:: Data excerpt
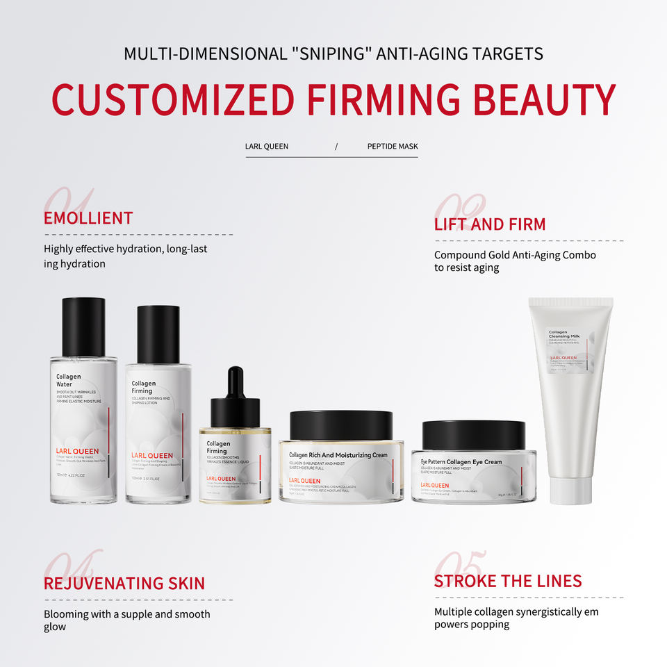 OEM etiqueta personal personalizada cuidado de la piel paquete colágeno relleno reparación reafirmante limpiador cara crema ojos serie de esencia
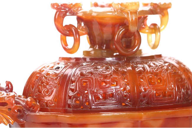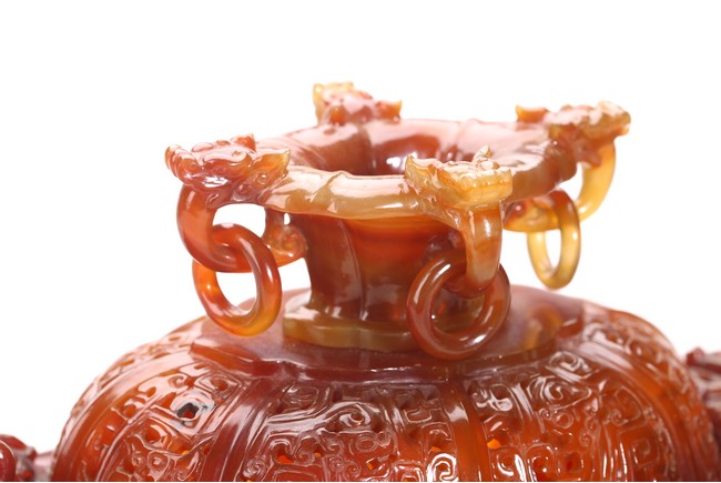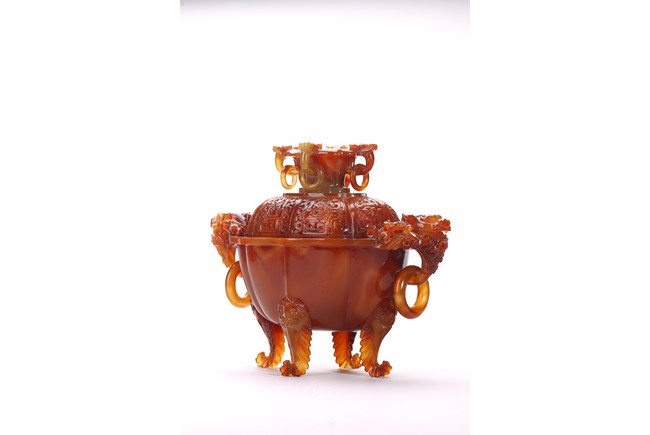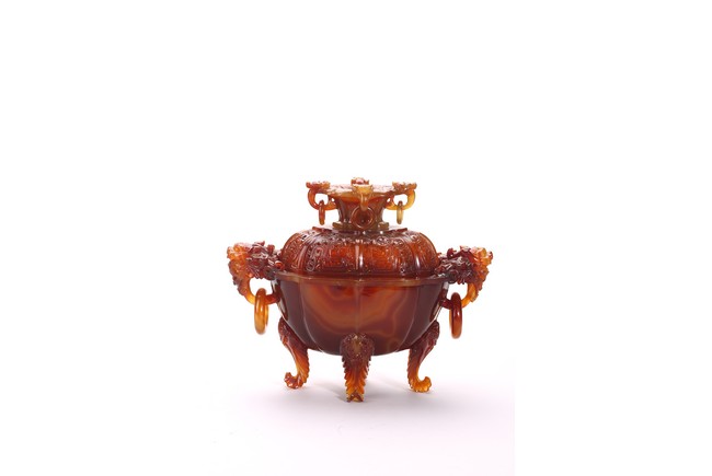 The lobed form tripod censer supported on three mughal style feet, the body flanked by pair of mythical beast heads suspended with loose rings, the reticulated cover surmounted with a flared finial decorated with four small mythical beast handles suspended with rings.
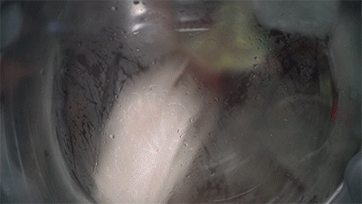 ▲洗着洗着里面就会有蒸汽冒出来啦,玻璃上都是水珠了
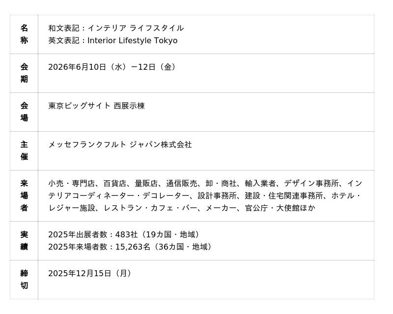 メッセフランクフルト ジャパン株式会社(代表取締役社長:梶原靖志)は、ライフスタイル提案型の国際見本市「インテリア ライフスタイル」を2026年6月10日(水)―12日(金)の3日間、東京ビッグサイト 西展示棟にて開催します。本見本市は、インテリアからファッション雑貨、キッチン・ダイニングアイテムなど、衣・食・住に関わる幅広い商材を紹介する商談見本市として、また、国内外の消費財メーカーやデザイナーが自らの世界観を表現できる場として活用されてきました。出展者からは「異業種の来場者との出会いが新しい販路につながった」「ブランドの方向性に確信を持つきっかけになった」との声が寄せられており、単なる商談の場だけでなく、新たな可能性を生む機会としても評価されています。
::::
_Brief_: Copy out the whole listing exactly, and don't carry over any pictures.

_Output for this task_:
 OEM etiqueta personal personalizada cuidado de la piel paquete colágeno relleno reparación reafirmante limpiador cara crema ojos serie de esencia
 The lobed form tripod censer supported on three mughal style feet, the body flanked by pair of mythical beast heads suspended with loose rings, the reticulated cover surmounted with a flared finial decorated with four small mythical beast handles suspended with rings.
 ▲洗着洗着里面就会有蒸汽冒出来啦,玻璃上都是水珠了
 メッセフランクフルト ジャパン株式会社(代表取締役社長:梶原靖志)は、ライフスタイル提案型の国際見本市「インテリア ライフスタイル」を2026年6月10日(水)―12日(金)の3日間、東京ビッグサイト 西展示棟にて開催します。本見本市は、インテリアからファッション雑貨、キッチン・ダイニングアイテムなど、衣・食・住に関わる幅広い商材を紹介する商談見本市として、また、国内外の消費財メーカーやデザイナーが自らの世界観を表現できる場として活用されてきました。出展者からは「異業種の来場者との出会いが新しい販路につながった」「ブランドの方向性に確信を持つきっかけになった」との声が寄せられており、単なる商談の場だけでなく、新たな可能性を生む機会としても評価されています。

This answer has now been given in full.